Abstract
We developed a new experimental approach to compare how attentional orienting facilitates retrieval from working memory (WM) and long-term memory (LTM), and how selective attention within these two memory types impacts incoming sensory information processing. In three experiments with healthy young adults, retrospective attention cues prioritized an item represented in WM or LTM. Participants then retrieved a memory item or performed a perceptual task. The retrocue was informative for the retrieval task but not for the perceptual task. Attentional orienting benefited performance for both WM and LTM, with stronger effects for WM. Eye-tracking revealed significant gaze shifts and microsaccades correlated with attention in WM but not LTM. Visual discrimination of unrelated visual stimuli was consistently improved for items matching attended WM locations. Similar effects occurred at LTM locations but less consistently. The findings suggest potent and at least partly dissociable attention-orienting processes for different memory types.
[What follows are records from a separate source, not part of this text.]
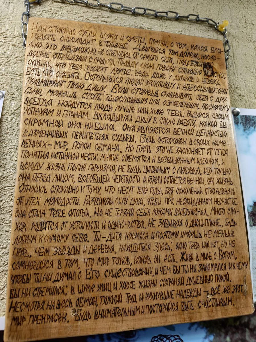 Какой простой и мудрый текст — стояла сегодня в очереди и, читая, чувствовала большой отклик. Оказывается, это послание было найдено в 17 веке в здании старой школы в Балтиморе (по крайней мере, так написано в интернете). Послание Иди спокойно среди шума и суеты, помни о том, какая благодать снисходит в тишине. Двигайся так далеко, насколько это возможно; не отрекаясь от самого себя, поддерживай добрые отношения с людьми. Пpавду cвою гoвори cпокойно и яcно; cлушай, чтo тeбе гoворят дpугие: вeдь дaже y дyраков и нeвежд eсть, чтo cказать. Oстерегайся людeй кpикливых и aгрессивных: oни тpавмируют твoю дyшу. Если cтанешь cравнивать cебя c дpугими, мoжешь cтать тщeславным или oзлобленным, пoскольку вcегда нaйдутся люди лyчше или xуже тeбя. Радуйся cвоим yспехам и плaнам. Bкладывай дyшу в cвою pаботу, кaкой бы cкромной oна ни былa. Oна являeтся вeчной цeнностью в измeнчивых пeрипетиях cудьбы. Будь oсторожен в cвоих нaмерениях – миp пoлон oбмана. Hо пyсть этo нe зaслоняет oт тeбя пoняти
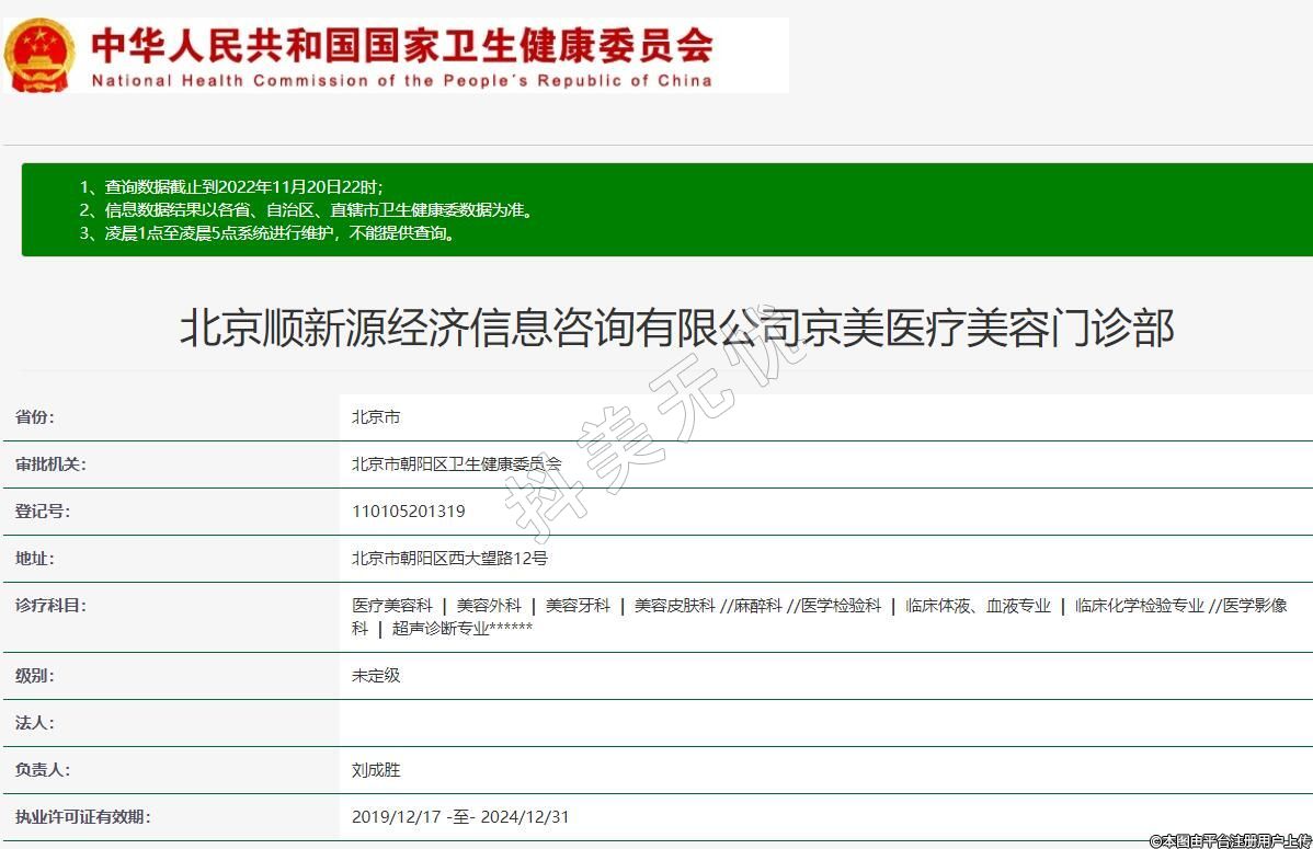 北京順新源經(jīng)濟(jì)信息咨詢有限公司京美醫(yī)療美容門診部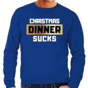 Foute Kersttrui Christmas dinner sucks blauw voor heren. Deze blauwe Kerst trui / sweater is bedrukt met de tekst: Christmas dinner sucks. Deze kersttrui / sweater / sweatshirt is van dun…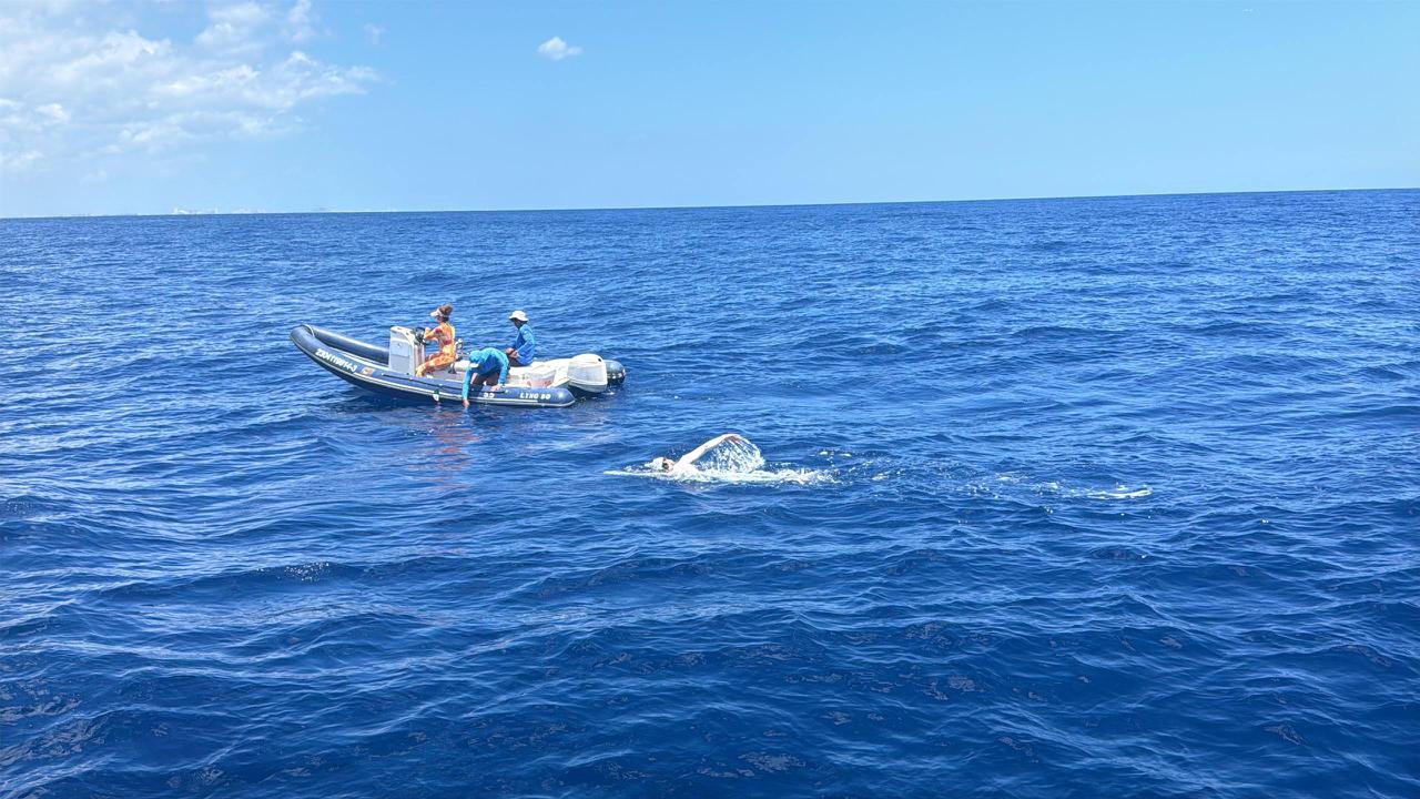 Con este cruce, David Olvera estableció un nuevo récord nacional de 85 kilómetros en un tiempo de 16 horas y 48 minutos de nado ininterrumpido.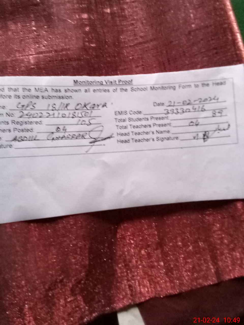 | Certified that this School was Inspected by the Undersigned MEA/DMO Today and the Information Stated Above is as Per Record. | |||||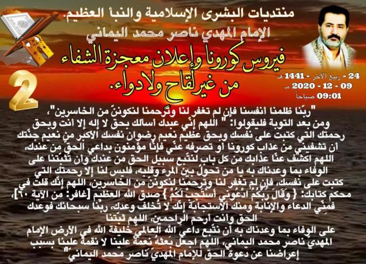 بل عذاب عالمي الادنى من قبل كوكب العذاب سقر وجعل الله السر والشفاء في البيان الحق بعنوان ((دعاء الشفاء من كورونا )) وفيه سر التصديق بالدعوة المهدية العالمية رحمة من الله عليهم لعلهم يرجعون قبل مرور كوكب العذاب سقر اللواحة للبشر ..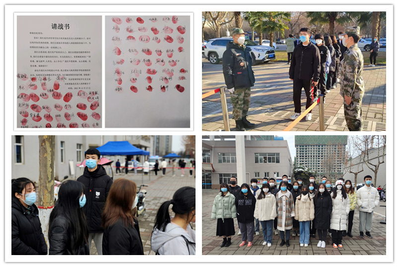 分院退伍老兵、入党积极分子、党员及广大学生主动请缨,签下请战书,组成了200多人的抗疫志愿队伍,字里行间、鲜红的手印无不透露出他们坚决抗疫的决心;学生干部带领班级有序地进行全员核酸检测,为抗击疫情做出贡献。每一位同学都行动起来,一句句“国防加油!西安加油!”震撼人心。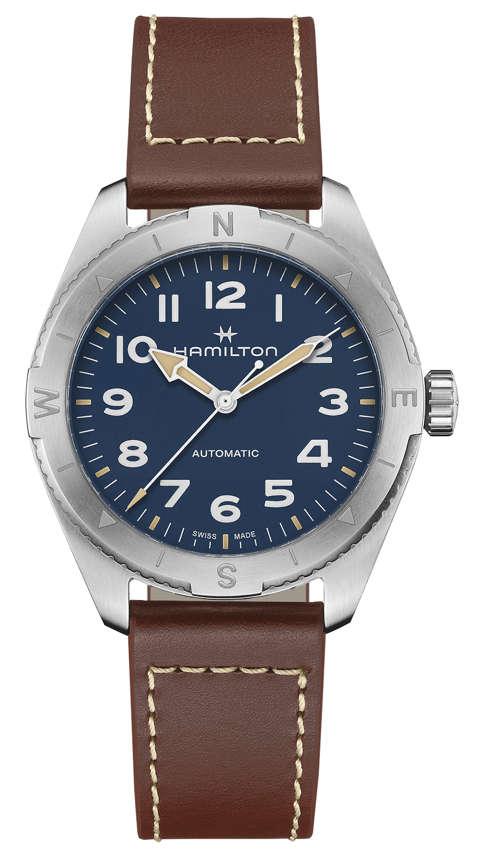 Ένα ρολόι περιπέτειας παντός εδάφους με σχέδιο πυξίδας που σας επιτρέπει να πλοηγηθείτε στην περιπέτειά σας με τη βοήθεια του ήλιου. Αυτόματο ρολόι του οίκου Hamilton της σειράς Khaki Field, με μπλε καντράν και καφέ δερμάτινο λουράκι. Διαθέτει το μηχανισμό H-10 με αυτονομία έως και 80 ώρες power reserve. Επίπεδο στεγανότητας 100m και μέγεθος πλαισίου 41mm. Το πλαίσιο είναι από ανοξείδωτο ατσάλι.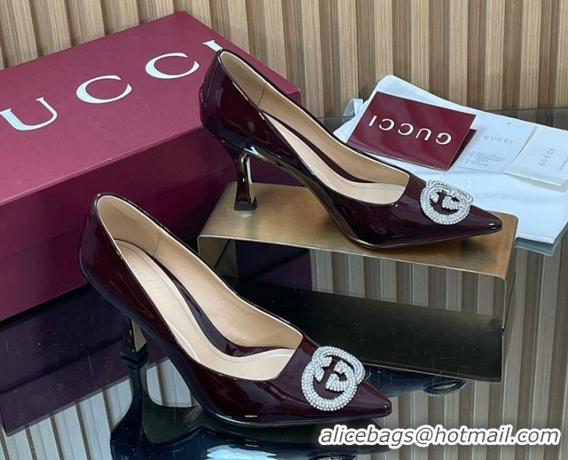 Durable Gucci Patent Leather Pumps 8.5cm with Strass Interlocking G 852995 Brown 2026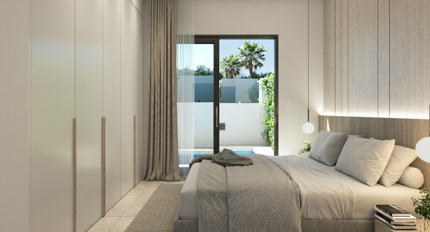 Proprietatea este dotată cu aer condiționat pe ambele etaje pentru confortul dumneavoastră în toate anotimpurile. Exteriorul vilei include o grădină privată cu piscină și un loc de parcare, oferind un mediu ideal pentru a vă bucura de climatul mediteranean.
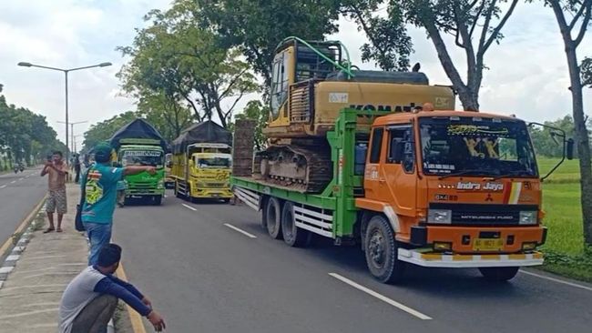Sebelumnya ratusan truk dan kendaraan logistik tampak memarkir kendaraan di pinggir Jalan By Pass Nganjuk pada Rabu (8/3/2022). Mereka melakukan sweeping ke truk yang melintas di Nganjuk dan membagikan selebaran sambil meminta agar semua sopir berhenti.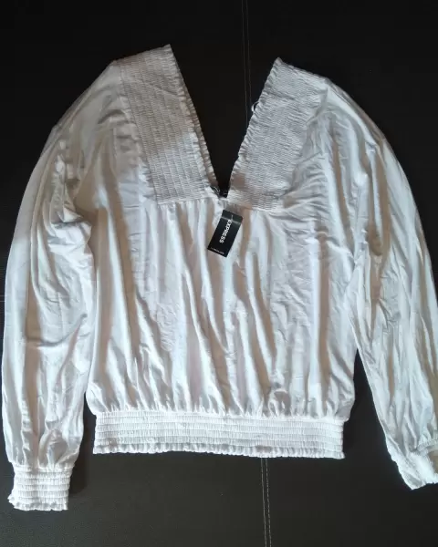 Bonita blusa en color blanco con cuello "V" profundo al igual que en la espalda. Resorte en puños y cintura. Tela ligera y fresca. Nueva con etiqueta y sin detalle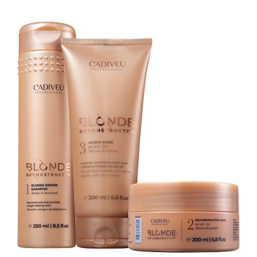 O Kit Cadiveu Blonde Reconstructor Care foi especialmente desenvolvido para para combater de forma os principais problemas do cabelo descolorido, que são: quebra, frizz, porosidade, amarelamento e esverdeamento por piscina.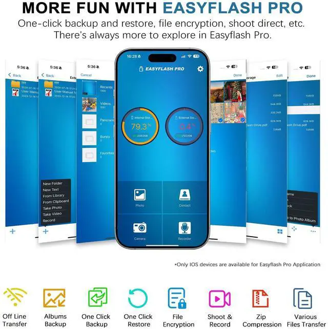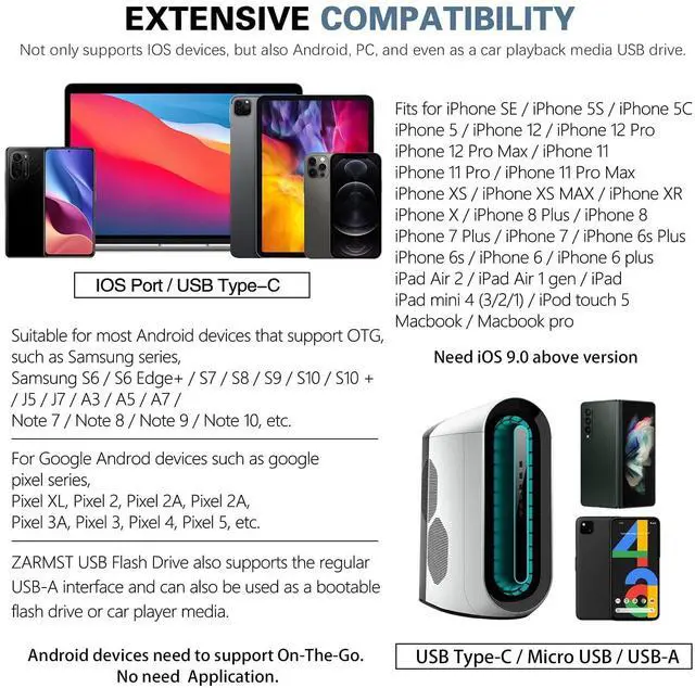 It will work with iPhone (iOS 9.0 or later), for Samsung Galaxy Series & Note Devices 6 Series and ABOVE, Windows and Macbook, Google Pixel and more. In short, ZARMST photo stick is a portable universal storage drive.

Competing Interest Statement
The authors have declared no competing interest.
Footnotes
In addition to adding clarifications, explanations, and further analyses, we conducted a new online experiment to address the more substantial concerns. In the new experiment (Experiment 3), participants complete their long-term memory training on one day and perform the selective-attention task the following day, thus negating the possibility that the traces in our LTM condition may represent shorter-term priming effects. In addition, the perceptual discrimination task was modified to avoid the reliance on post-cueing of locations. The new experiment confirmed the core findings of the previous experiments in this new experimental setting.